You might try "Bike Forums". They are 95% road bikes.


----------



## randallace (Apr 17, 2015)




----------



## Metacortex (Apr 17, 2015)

That is a 1972 World Traveler, which was available in Kool Lemon, Opaque Blue and Opaque Green. It was the very first imported Schwinn, made by Panasonic in Japan. It was also a very low-end bike, basically a lugged Varsinental. Here is a more original one that recently sold on eBay: http://www.ebay.com/itm/161574882545


----------



## GTs58 (Apr 17, 2015)

Interesting to see a one piece crank and side pull brakes on a lugged frame. Possible Le Tour converted to a Varsity?


----------



## Jeff54 (Apr 17, 2015)

randallace said:


> Ok - a guy at work whom knows I'm into bikes brought me in an old " racing bike" his next door lady friend was gonna throw away - I know it's schwinn, and the serial number looks to be from 1963 ?  If I read that right - I can't find any head tube markings or other stamping to indicate that it's a later giant made bike -  could it be a paramount ?  I know the gt100 derailer is a shimano made , and introduced later (1970's) and belongs on the japan bikes, so I assume this is Japanese made ?
> 
> Looks like someone sanded to the metal and primed and painted it - but I think the yellow in the serial numbers might be the orig color ? Which is not at all consistant with a 1963 bike - the previous owner was obviously trying to make it look like a trek , with the bontrager tires, bar wrap, the trek decals I peeled off, ect .... LOL
> 
> ...


----------



## randallace (Apr 17, 2015)

Ok - so what am I missing so I can get a list together of stuff I need


----------



## Freqman1 (Apr 18, 2015)

Personally I wouldn't spend any money on this bike unless cost is not an issue. Just ride it like it is or, at most, give it a nice rattle can job. V/r Shawn


----------



## randallace (Apr 18, 2015)

I cleaned up the rims today. - hubs marked '71 japan - what the heck - gonna re-do this one


----------



## randallace (Apr 18, 2015)

Are the handle bars normally shaped like this ?


----------



## Metacortex (Apr 18, 2015)

randallace said:


> Are the handle bars normally shaped like this ?




They are Randonneur style handlebars, which Schwinn began using on many of its drop-bar bikes starting in '71. They have an upswept flared shape that is designed for more comfortable long-distance riding.

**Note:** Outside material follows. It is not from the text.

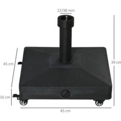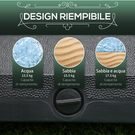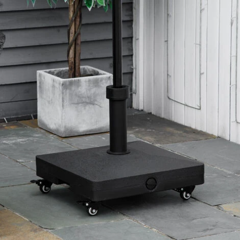 Tieni il tuo ombrellone sempre in posizione con il nostro basamento Outsunny. La struttura in plastica HDPE è resistente alle intemperie e può essere riempita con acqua o sabbia per renderla più stabile. Le 4 ruote integrate ti permettono di spostare la base per ombrellone ovunque hai bisogno di restare al riparo dal sole.

Here is a good article on road bike handlebar designs: http://ruedatropical.com/2009/03/road-drop-bar-geometry/

Below are some pics showing the differences between the popular Randonneur and Maes type bars.

Randonneur:






Maes:


----------



## randallace (Apr 18, 2015)

thanks ! that was very interesting reading


----------



## randallace (Apr 18, 2015)

Considering adding aero brake levers  with cyclocross levers as well - that would be different


----------



## randallace (Apr 24, 2015)

Did the rebuild today - rebuilt brakes. ( missing parts, damaged parts ) new cables, aero levers , bar tape, bearing repack, tru'd up the wheels , rides very nice , but that seat simply has to go , very very uncomfortable 

** this May not seem like a big deal but it kinda is - this is my first road bike rebuild that went smooth and semi problem free, and the result rides  fantastic - im getting better , yes I am


----------